PROMPT: From the line that has "throughout all main" down to the last line of the data below, set down every line exactly, but none of the pictures.

MATERIAL PROVIDED:

-*-*-

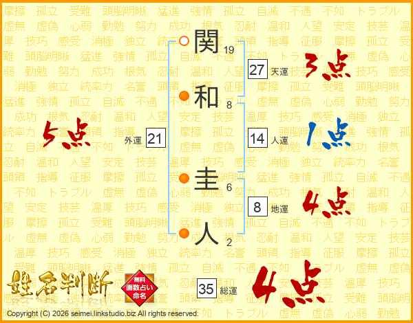 生活面を象徴する運勢です。外部から受ける影響力を表し、結婚運、家庭運や職場、環境への順応性を表します。総運から人運を引いた画数。姓や名が1文字の場合を除く。
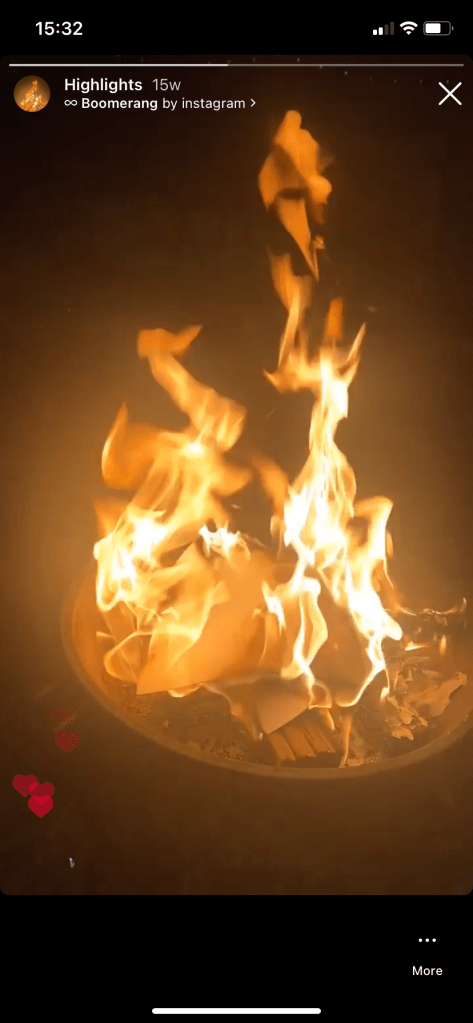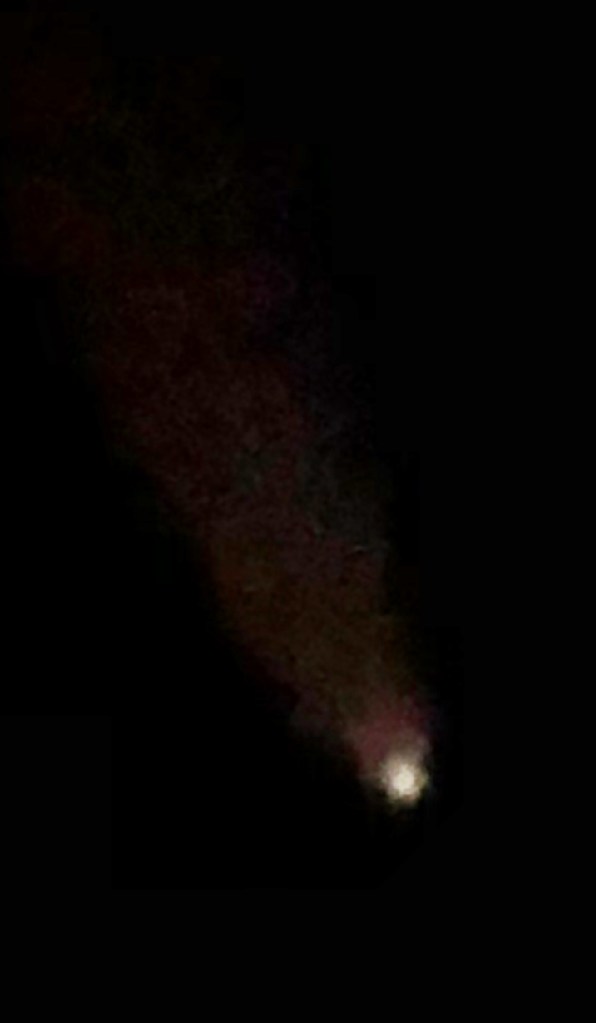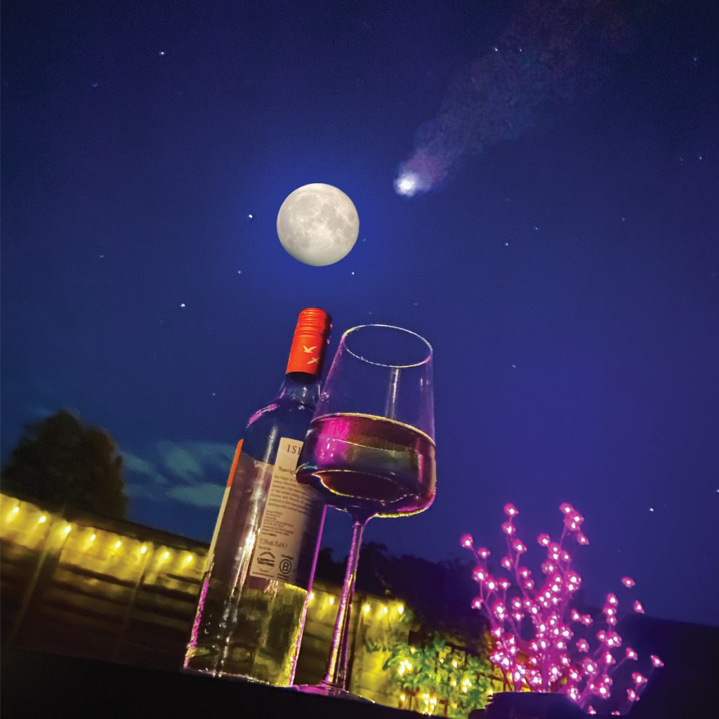 My original idea for this again differs from the image I eventually went with. I had the idea again of suburban 1950s couple having a glass of wine and holding a stethoscope up to a comet.. a tongue-in-cheek, playful approach… however, once again trying to find free, copyright images of a 1950s couple was challenging.. I then remembered back to when I got my new iPhone in May and I was drinking wine outside with a firepit on a really clear night and messing around to see how good my new camera was. I took a really good photo that I Instagrammed at the time because it was so clear! The night sky was a royal blue and the stars were twinkling! It then reminded me of how me and my fiancé have also photographed the moon through his telescope before and also one of the first nights we spent together photographing and watching comet Neowise from 2020. If I could merge all these photographs I could create my image for this part of the poem.
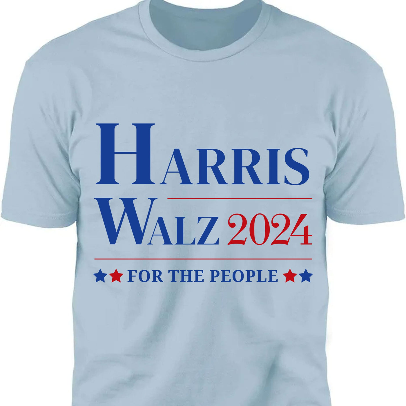 The shirt features the bold text "Harris Walz 2024," with "Harris Walz" displayed in a dark blue color, emphasizing strength and unity, while "2024" stands out in a striking red sans-serif font, symbolizing a dynamic and forward-looking campaign. Below this main text, the phrase "for the people" is elegantly framed by two stars on each side—one red and one blue—representing a commitment to all Americans. This design combines patriotic colors with a modern, bold statement, making it perfect for supporters of the Harris Walz campaign.
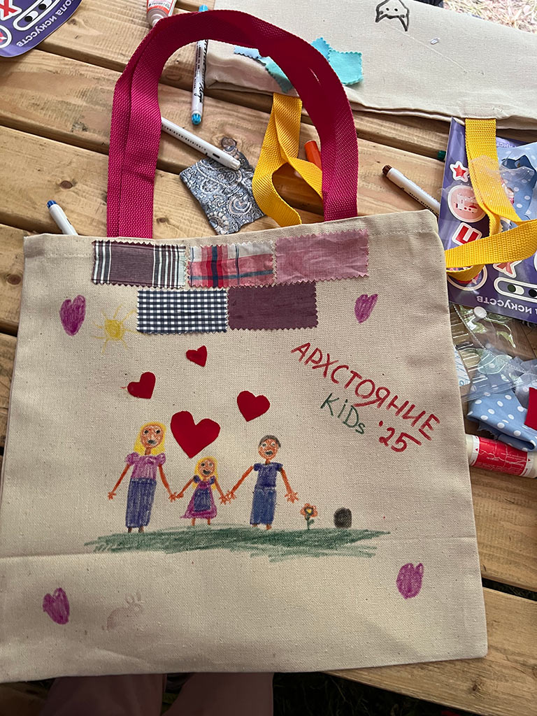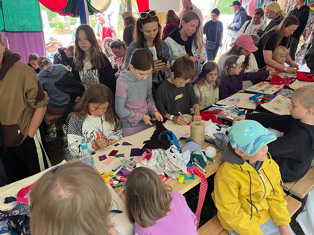 Параллельно во втором шатре проводились мастер-классы по печати штампов на экосумках с использованием материалов от компании «Гамма». Семьи с детьми приезжали целенаправленно на эти занятия, очередь не рассеивалась весь день. Печать штампов стала своеобразным шоу — люди сидели не только за столами, но и на земле вокруг шатра, несмотря на дождь.
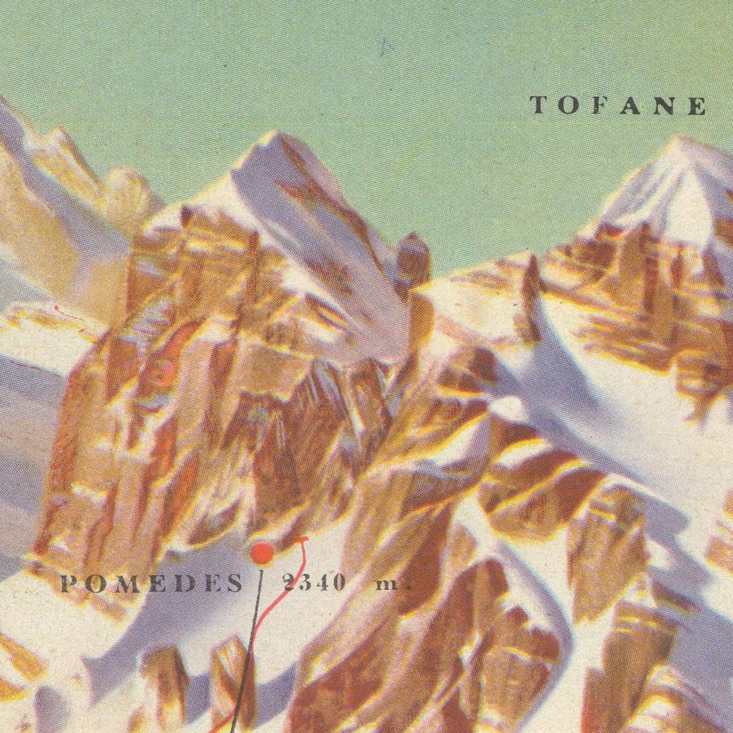 Old Map of Cortina d'Ampezzo, VII Winter Olympics, 1956: Tofane, Cristallo, Misurina, Dolomites, Giau
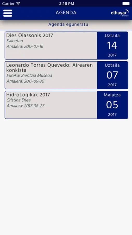 Albisteak eta agendako ekitaldiak zientzia.eus webgunetik hartzen ditu. Zientzia.eus webgunea
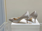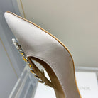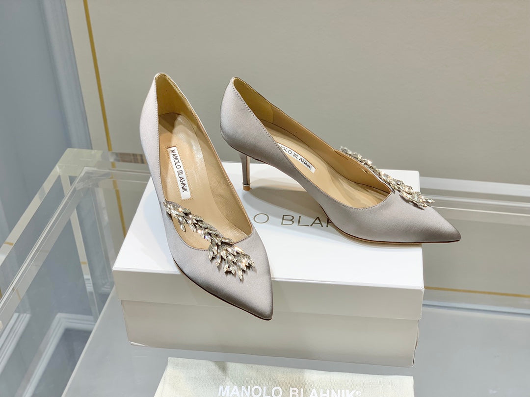 Manolo Wheat Ear Rhinestone High Heels Pumps Grey Silk Fabric 327447
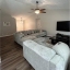 throughout all main living spaces, carpeted bedrooms and tiled bathroom
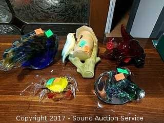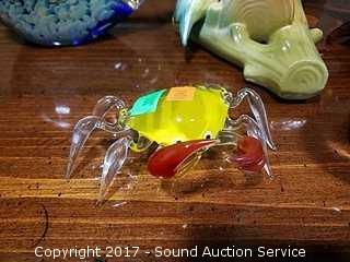 Bird is Made in Czechoslovakia, Hot Island Art Glass Fish, Crab & Flower

-*-*-

SOLUTION:
 throughout all main living spaces, carpeted bedrooms and tiled bathroom
 Bird is Made in Czechoslovakia, Hot Island Art Glass Fish, Crab & Flower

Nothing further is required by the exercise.